The French Open has a history of treating the world's number one players badly. In my lifetime only Borg and Lendl have fared well from the top spot. This year, Roger Federer, perhaps the best male tennis player in the game's history, will again attempt to conquer the surface that is so uncompromising to tennis's best all court players by defeating his young nemesis, Rafael Nadal, the two-time defending French Open champion and undoubtedly the world's best clay court player.
The slow red clay of Roland Garros ultimately rewards strength, endurance, and mental fortitude over shot-making, strategy, and hand-speed. Nadal seems to be genetically designed to win on red clay. He is Spanish, which means he grew up playing it, but so did the Swiss Federer.
In Europe, red clay is the court for the common man. But the world of professional international tennis exists, for 10 months of the year, on various types of hard surface, an American invention. And Federer, the world's number one, thrives on the quickness of hard courts, on the trueness of the bounce they produce, on the sticky grip that enables a player to stop on a dime. He is able, in some matches, to play nearly perfect tennis. Not a shot or a decision or a reaction out of place for two sets running so that his opponents never even enter into the equation until they shake his hand at the net.
Rafael Nadal, conversely, loves red clay because he is an imposing physical specimen, the fastest player on two feet, and because his mental game is that of a stubborn teenager. He will literally run through fences to keep the ball in play, and he somehow manages a trick other players who have mastered the teenage mindset (like Lleyton Hewitt for instance) cannot: he stays positive no matter how poorly he is playing. The result is that Rafael Nadal plays each point the same way, as if it will never end until his opponent misses. On red clay, over the course of five sets, the mental and physical effort required to beat a player like Nadal is nearly unsupportable. Witness his record 81-match win streak on clay that ended with a loss last Sunday in Hamburg to the aforementioned Roger Federer.
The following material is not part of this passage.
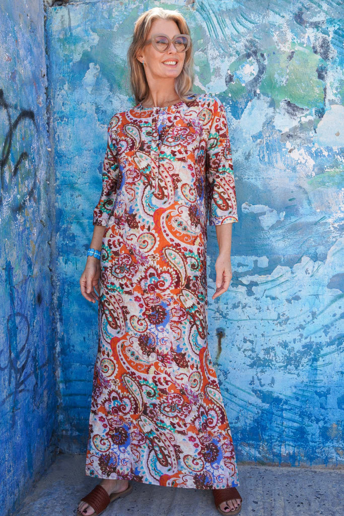 Crafted from rayon voile, our Casablanca Club 55 Kaftan has 3/4 sleeves finished off with a matching buttoned cuff & a round neck with matching button detail down the front to just below the bust. The full length is balanced with moderate side slits & 2 side pockets to add a casual element to this style. This winning style with it's stunning Morroccan inspired print can easily be worn with sneakers, Summer sandals or slip ons to sundowner drinks or a brunch.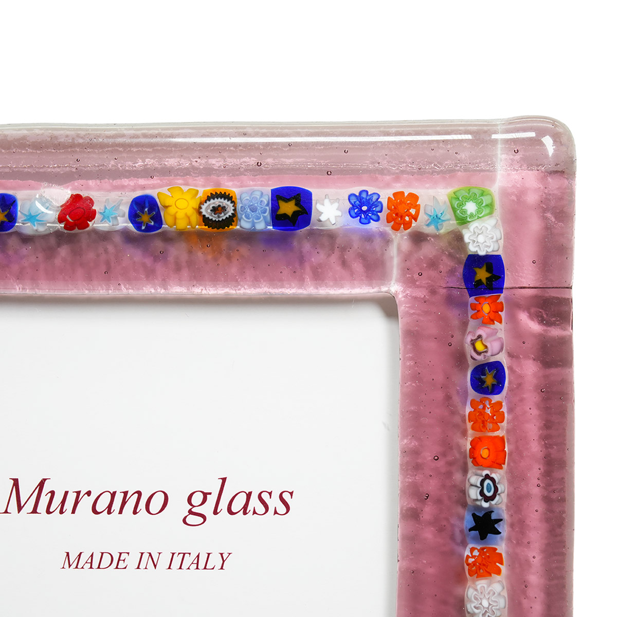 Marco Lillac decorado con un borde de murrina, elaborado con la técnica del vidrio fundido. El marco se puede colocar tanto en posición vertical como horizontal. Presenta colores muy vivos que aportan un toque moderno a tus fotografías. Perfecto para guardar tus mejores recuerdos o como idea de regalo acompañado de una bonita foto.

Tennis is an individual sport. One against another. And as such the game is equal parts physical prowess, technique, and philosophy. Players who have a firm grasp of two of those components can make the top 20 of the world. To be the best, you must have all three. Only Roger Federer and Rafael Nadal, in today's game, possess all three.
The fact that Federer and Nadal are yin and yang in their philosophical approaches to the game makes their head to head match-up in this year's French Open the most interesting the game of tennis has seen since McEnroe and Lendl battled one another between 1983 and 1985.
A Grand Slam, and in particular the French Open and Wimbledon, can make or break a great player's career. Borg quit after losing to McEnroe at Wimbledon twice in a row. He had won the tournament five times and could not bear to lose there. McEnroe quit at the top of his game after losing at the French to Lendl, realizing he would never win there. Lendl quit after failing to win Wimbledon, having spent the last five years of his career desperately trying to re-design his game for grass.
Roger Federer has done everything in tennis except win the Grand Slam. I believe that if he doesn't accomplish the Slam in the next two years that he will quit. Only Rafael Nadal and the French Open stand in his way.